Now we will power the LCD. The LCD has two separate power connections; One for the LCD (pin 1 and pin 2) and the other for the LCD backlight (pin 15 and pin 16). Connect pins 1 and 16 of the LCD to GND and 2 and 15 to 5V.

Most LCDs have a built-in series resistor for the LED backlight. You’ll find this near pin 15 on the back of the LCD. If your LCD does not include such a resistor or you are not sure if your LCD has one, you will need to add one between 5V and pin 15. It is safe to use a 220 ohm resistor, although a value this high may make the backlight a bit dim. For better results you can check the datasheet for maximum backlight current and select a suitable resistor value.

Next we will make the connection for pin 3 on the LCD which controls the contrast and brightness of the display. To adjust the contrast we will connect a 10K potentiometer between 5V and GND and connect the potentiometer’s center pin (wiper) to pin 3 on the LCD.

That’s it. Now turn on the Arduino. You will see the backlight lit up. Now as you turn the knob on the potentiometer, you will start to see the first row of rectangles. If that happens, Congratulations! Your LCD is working fine.

Let’s finish connecting the LCD to the Arduino. We have already made the connections to power the LCD, now all we have to do is make the necessary connections for communication.

We know that there are 8 data pins that carry data to the display. However, HD44780 based LCDs are designed in such a way that we can communicate with the LCD using only 4 data pins (4-bit mode) instead of 8 (8-bit mode). This saves us 4 pins!

The sketch begins by including the LiquidCrystal library. The Arduino community has a library called LiquidCrystal which makes programming of LCD modules less difficult. You can find more information about the library on Arduino’s official website.

First we create a LiquidCrystal object. This object uses 6 parameters and specifies which Arduino pins are connected to the LCD’s RS, EN, and four data pins.

In the ‘setup’ we call two functions. The first function is begin(). It is used to specify the dimensions (number of columns and rows) of the display. If you are using a 16×2 character LCD, pass the 16 and 2; If you’re using a 20×4 LCD, pass 20 and 4. You got the point!

After that we set the cursor position to the second row by calling the function setCursor(). The cursor position specifies the location where you want the new text to be displayed on the LCD. The upper left corner is assumed to be col=0, row=0.

There are some useful functions you can use with LiquidCrystal objects. Some of them are listed below:lcd.home() function is used to position the cursor in the upper-left of the LCD without clearing the display.

lcd.scrollDisplayRight() function scrolls the contents of the display one space to the right. If you want the text to scroll continuously, you have to use this function inside a for loop.
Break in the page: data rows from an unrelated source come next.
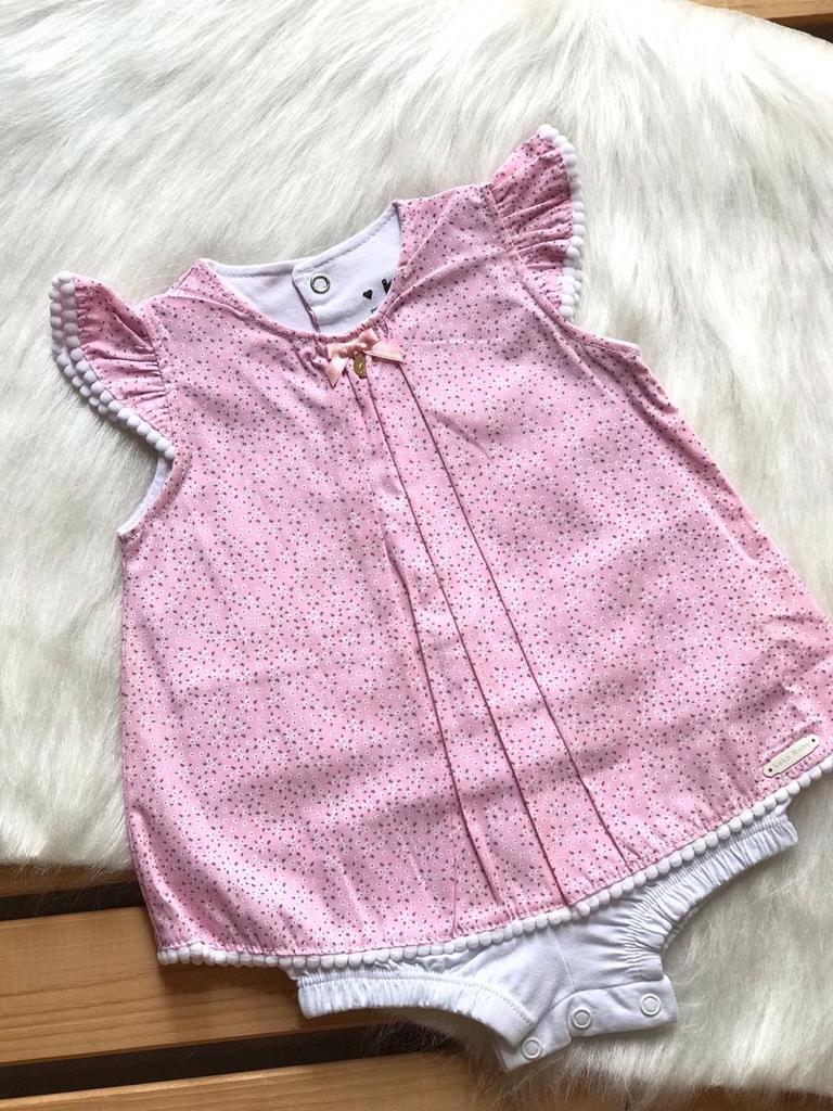 Macacão curto Keko tipo bata na cor rosa, detalhes em pregas e pompons, fechamento em botões de pressão!
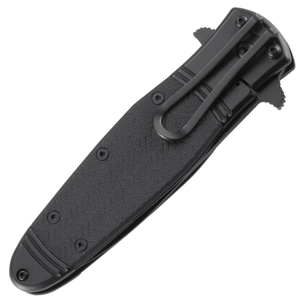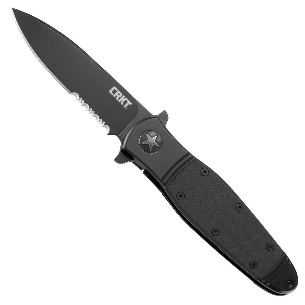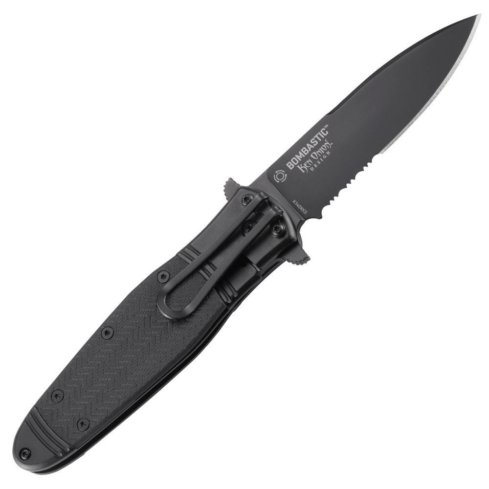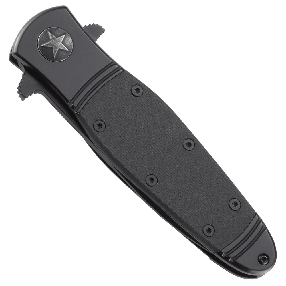 Modeled after the WWII bomber planes, the CRKT Bombastic folding knife joins the ranks in becoming a classic Ken Onion design. An IKBS ball bearing pivot system with a flipper smoothly deploys a sleek spear point blade that secures on a frame lock. The dual flippers also act as a hilt, adding another layer of safety. Its handle is made with a 2Cr13 stainless steel bolster complete with black chevron-textured glass reinforced nylon inlays. A single star embossed on the pivot bearing adds the final touch to the Bombastic’s old-school military aesthetic.
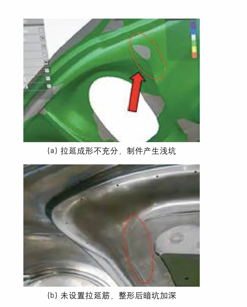 使用AutoForm 模拟软件对拉延成形进行模拟分析发现,该位置在拉延成形时不充分,拉延后制件存在浅坑,见图4(a)。从模具设计上分析,制件缺陷位置未设置拉延筋,见图4(b),单靠压料面无法提供制件成形所需要的阻料力,导致板料塑性变形不充分,后续整形后回弹造成暗坑加深。
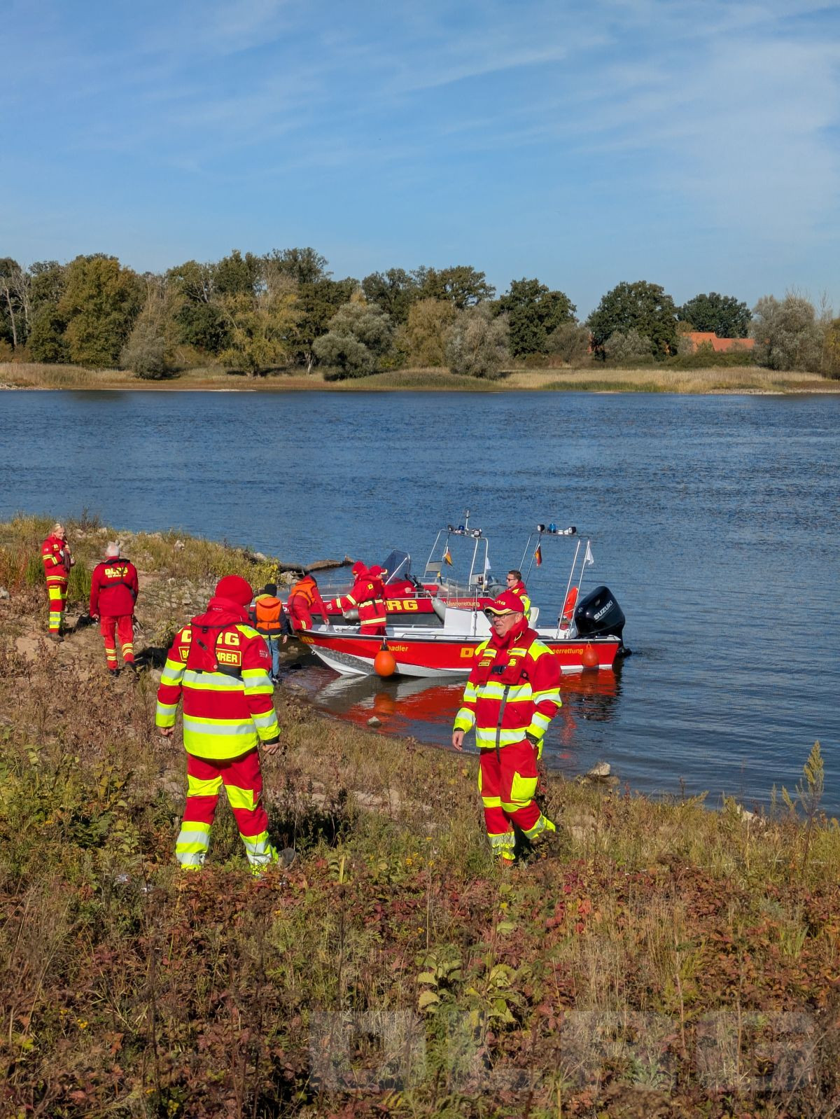 Mitglieder dier DLRG OG Hitzacker und OG Rosche bei der Einsatzbesprechung
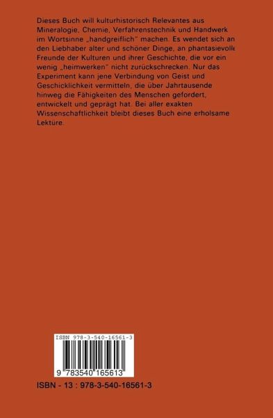 I. Zeit und Technologie.- II. Kupfer.- 1 Bergbau und Erze.- 2 Die Anfänge.- 3 Frühe Industrie.- 4 Raffinieren und Gießen des Kupfers.- III. Die Entdeckung der Legierungen.- 1 Arsenbronze.- 2 Zinnbronze.- 3 Kunstgießerei und Massenguß.- 4 Schlaglichter aus der Geschichte.- 5 Messing.- IV. Blei und Silber.- 1 Die Frühzeit.- 2 Die Kupellation.- 3 Isotopen-Analyse.- 4 Athen und Laurion.- V. Gold.- 1 Gewinnung des Goldes.- 2 Die frühe Technologie des Goldes.- 3 Frühe Analytik: Die Probierkunst entsteht.- 4 Die Anreicherung von Gold aus armen Erzen.- 5 Die Zementation - ein erstes Scheiden von Gold und Silber.- 6 Geld und Gold.- VI. Eisen.- 1 Die Anfänge.- 2 Das Rennfeuer.- 3 Stahl.- VII. Grundanleitung für die Experimente.- Farbtafeln.
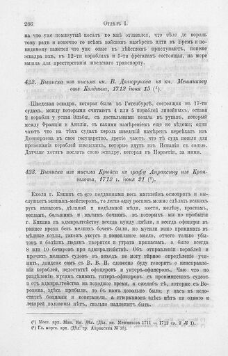 Выписка из письма Крюйса к графу Апраксину из Кроншлота, 1712 г. июня 21 // Гл. морск. арх. (Дел. гр. Апраксина № 38).
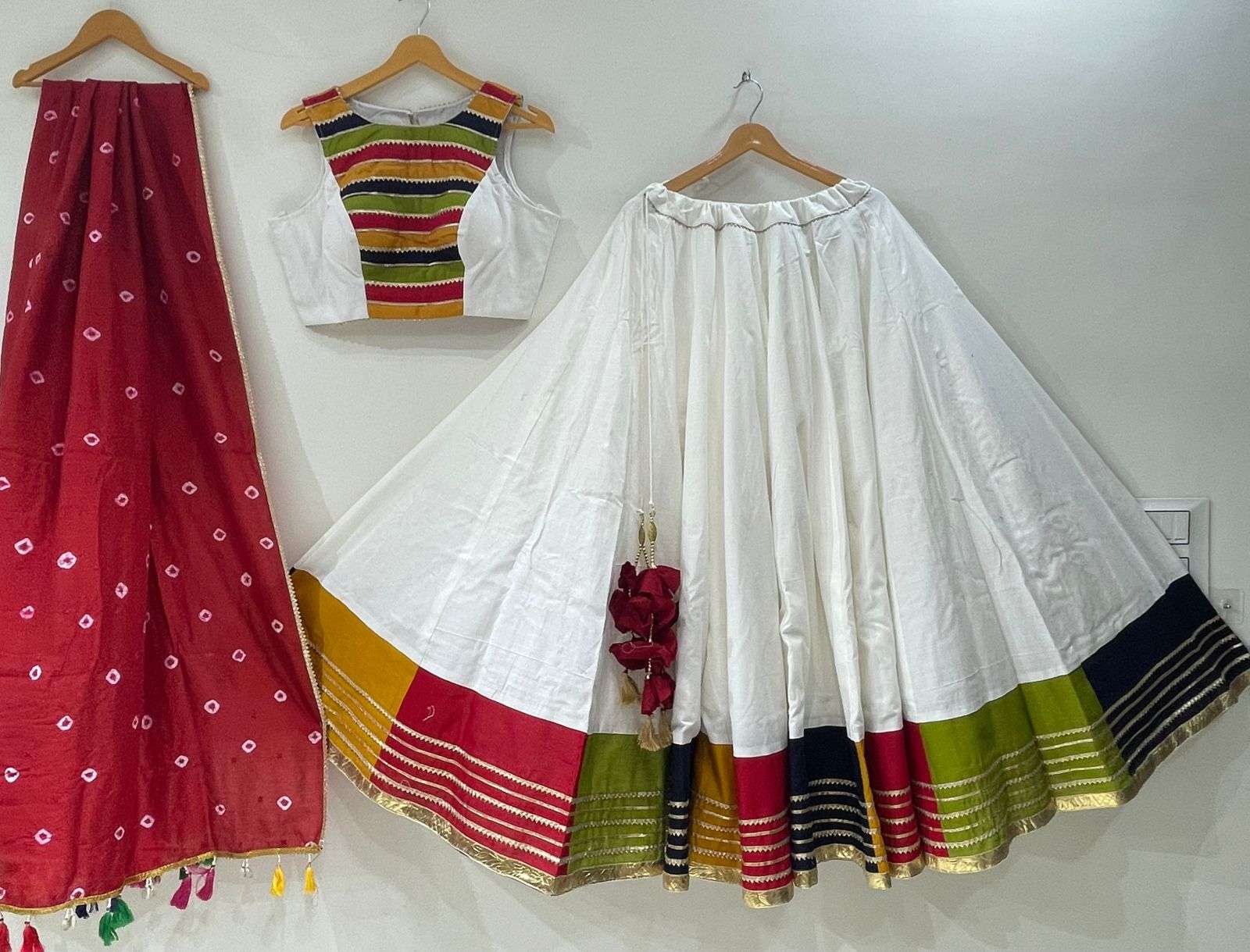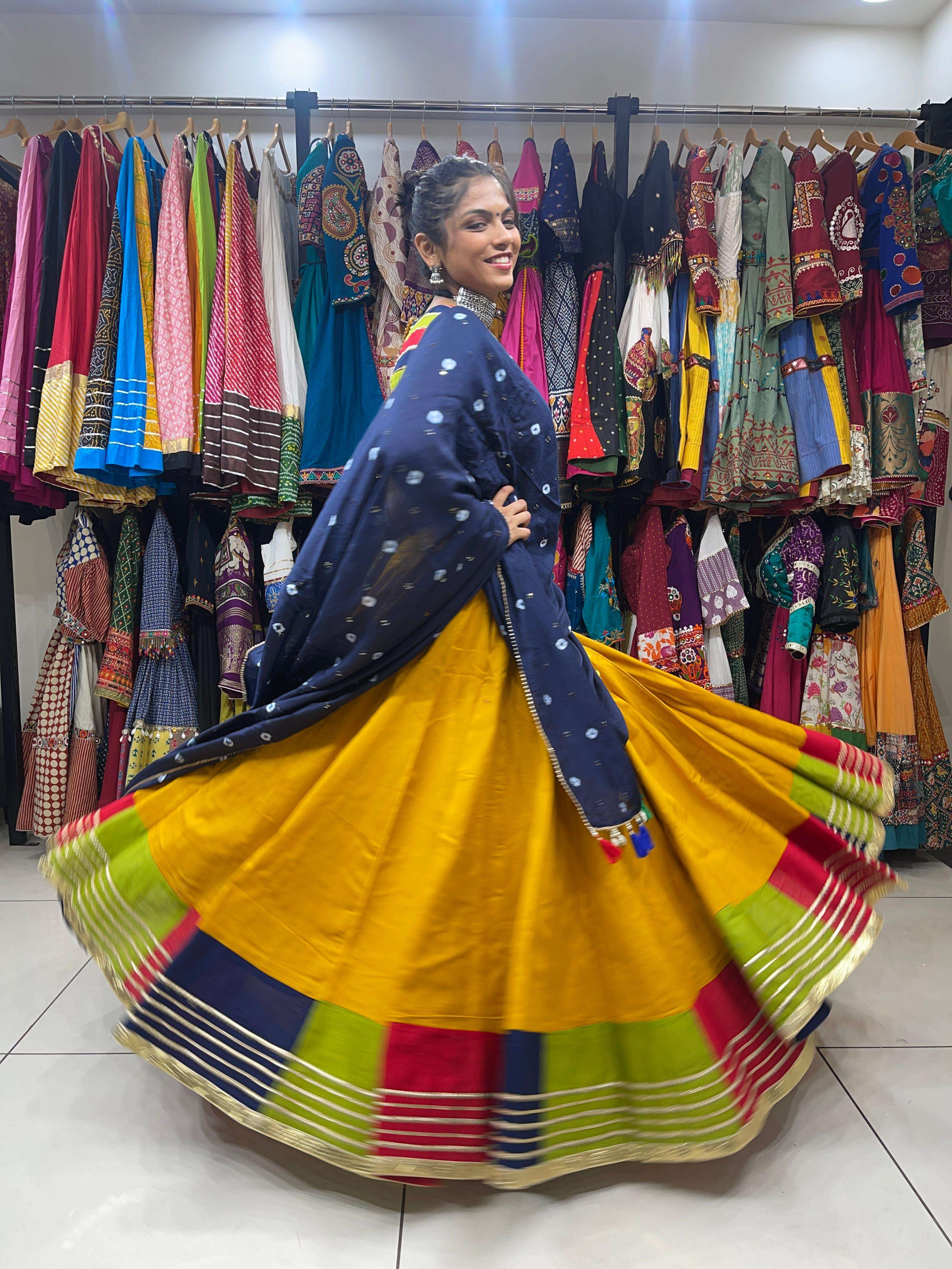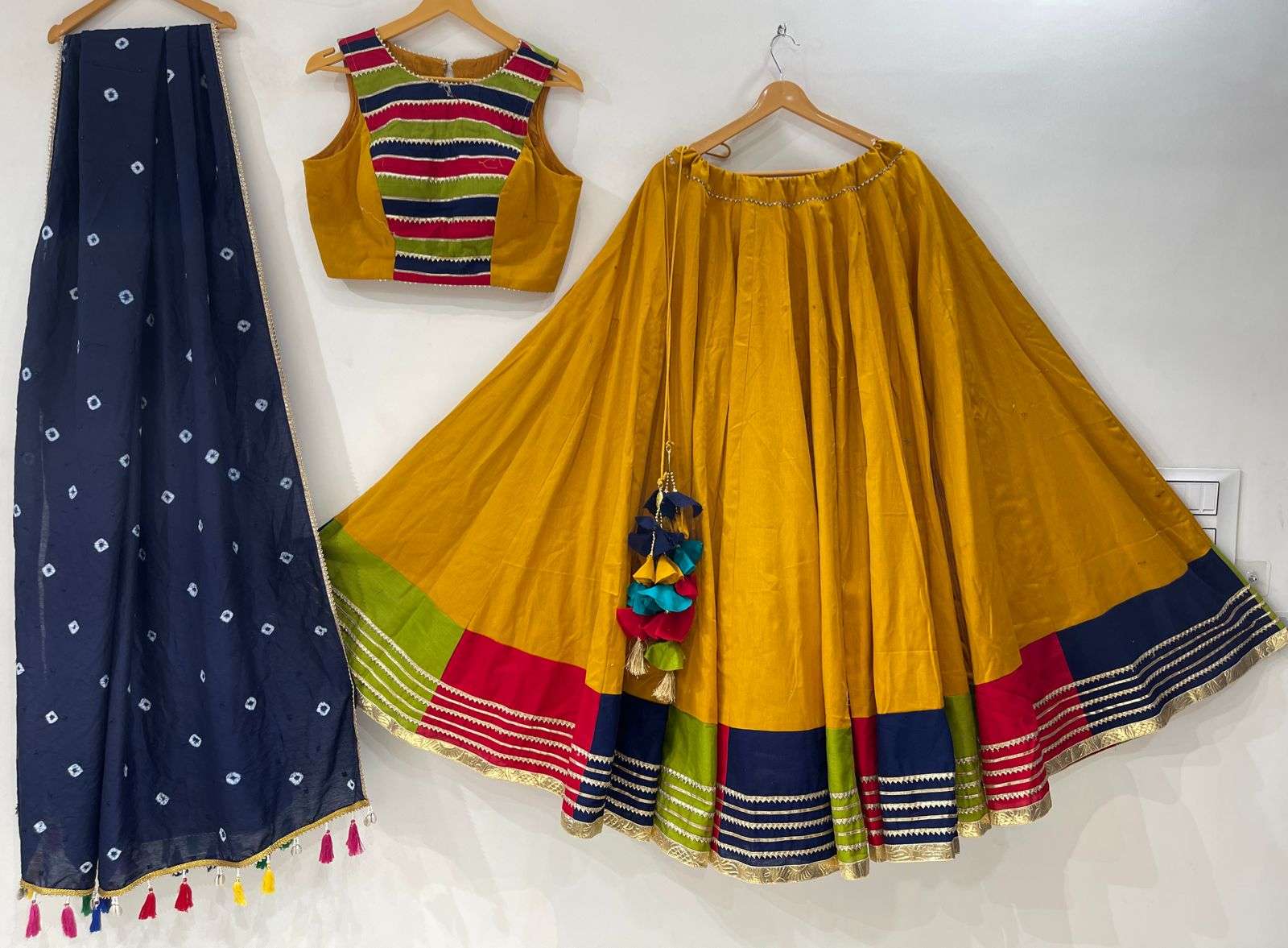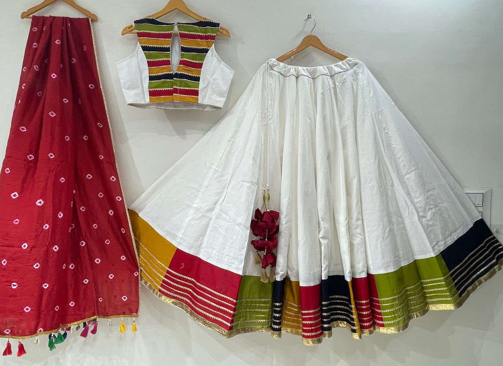 *Skirt/bottom*: *Soft cotton vibrant Bright 3 colour combinations classic Colourful exclusive Elegant Multiple Colour Border 7 to 7.5 Mtrs full flair Chaniya & long colour ful latkan which gives perfect look to lehenga* *Length 40/41”* *Upto 42/44” waist*
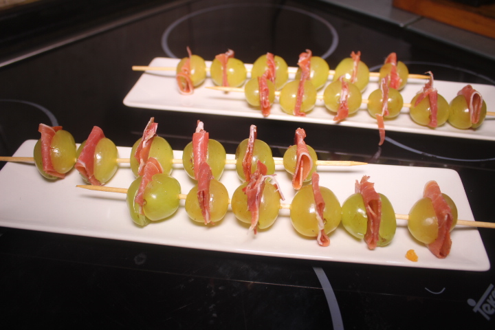 Si el melón con jamón esta rico ¿por qué, no van a estar ricas estas brochetas de uvas con jamón?
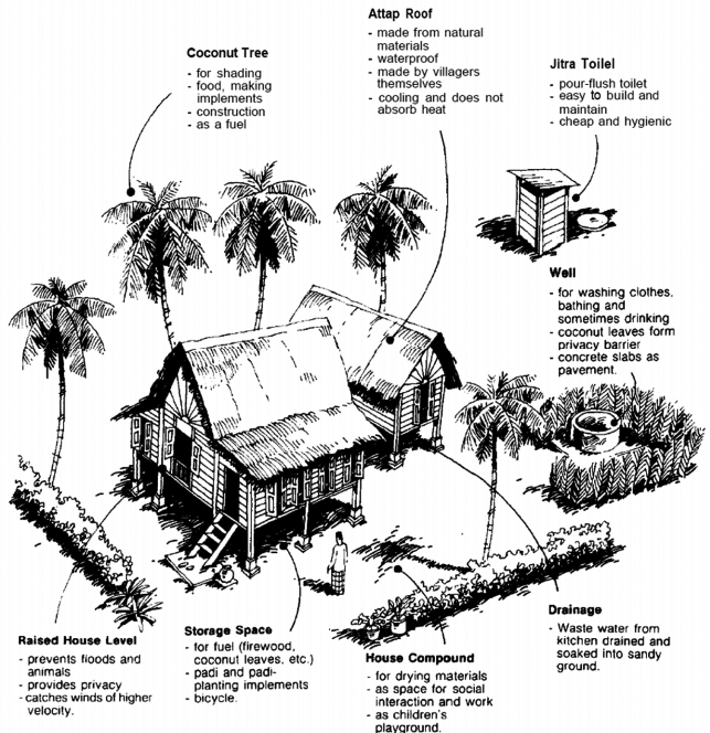 The static was enough to power certain devices within the house while a pair of propellers helped to steer the house. Though all rumah panjang came with an anchor if the owners felt like they wanted to stay in one place. There were also some railings around the side of the house that acted as decoration for the porch and fishing nets that could be used to catch fish in case of emergencies.
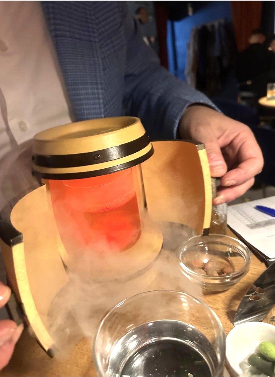 Anche l’ambiente contribuisce al viaggio. Luci soffuse in un rimando fra blu ottanio e arancione, linee di design e un equilibrio tra eleganza e informalità creano un’atmosfera accogliente e raffinata, dove ogni dettaglio invita a rallentare e lasciarsi sorprendere. Si vola fino agli Stati Uniti con Kentucky, omaggio alla patria del bourbon. Il drink arriva accompagnato da una botte da cui si sprigiona un velo di fumo che si dissolve nell’aria, evocando l’immaginario delle antiche distillerie americane.
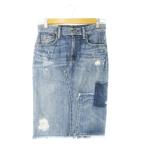 ポロ ラルフローレン POLO RALPH LAUREN デニムタイトスカート ひざ丈 リペアデザイン ダメージ加工 小さいサイズ 0 XS 青
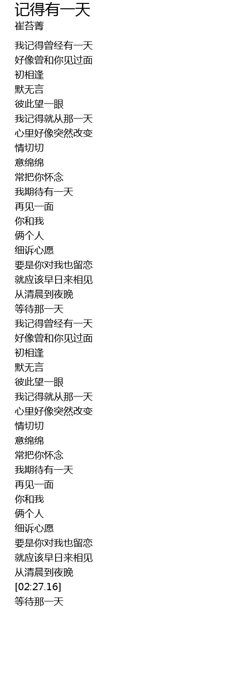 | [01:30.69] | wǒ jì de céng jīng yǒu yì tiān |
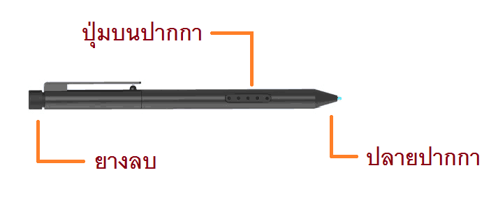 ปุ่มบนปากกา: สามารถใช้งานในเมนูคลิกขวาได้อย่างรวดเร็ว โดยกดปุ่มนี้ค้างไว้ จากนั้นแตะหน้าจอด้วยปลายปากกา
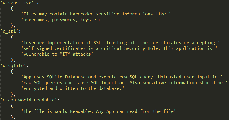 通过在setting文件中预定义设置的特征来匹配检测结果,同时MobSF也支持与云端的连接,从而进一步准确和全面的检测安全漏洞。
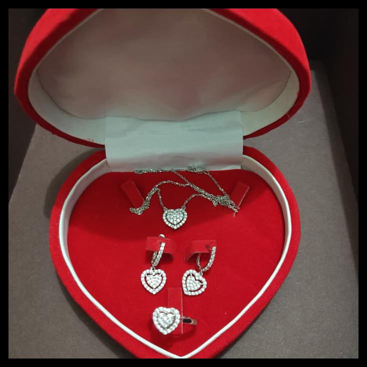 Satu set perhiasan itu terdiri dari sebuah gelang emas putih lima mata berlian sebuah kalung emas putih dua buah anting emas putih mata berlian dan sebuah cicin emasadapun barang tersebut. Promo berlaku untuk perhiasan emas dan perhiasan berlian dari brand orori dengan badge diskon hijau. Keempat satu set perhiasan emas putih.
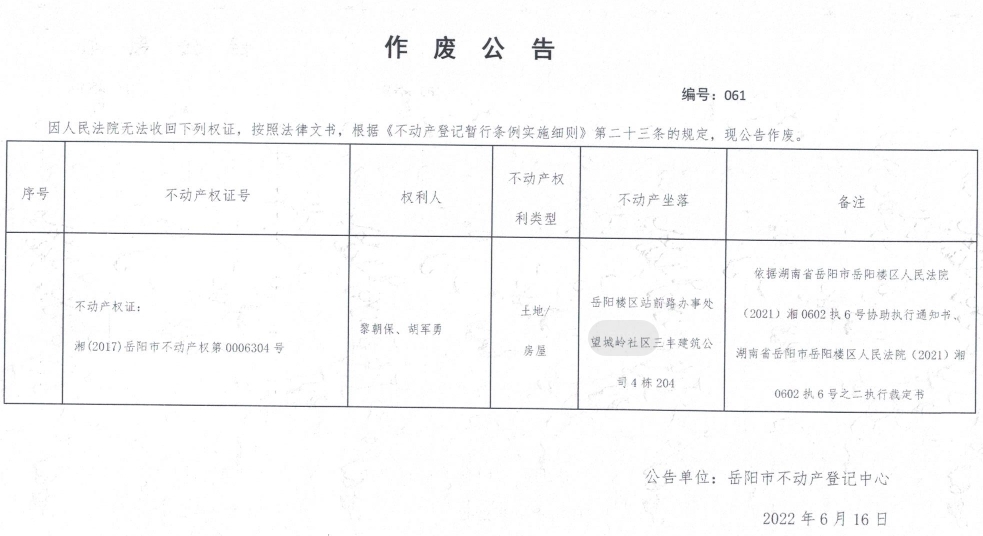 作废公告 编号:061(黎朝保、胡军勇)

lcd.scrollDisplayLeft() function scrolls the contents of the display one space to the left. Similar to above function, use this inside a for loop for continuous scrolling.

If you find the characters on the display dull and boring, you can create your own custom characters (glyphs) and symbols for your LCD. They are extremely useful when you want to display a character that is not part of the standard ASCII character set.

CGROM is used to store all permanent fonts that are displayed using their ASCII codes. For example, if we send 0x41 to the LCD, the letter ‘A’ will be printed on the display.

CGRAM is another memory used to store user defined characters. This RAM is limited to 64 bytes. For a 5×8 pixel based LCD, only 8 user-defined characters can be stored in CGRAM. And for 5×10 pixel based LCD only 4 user-defined characters can be stored.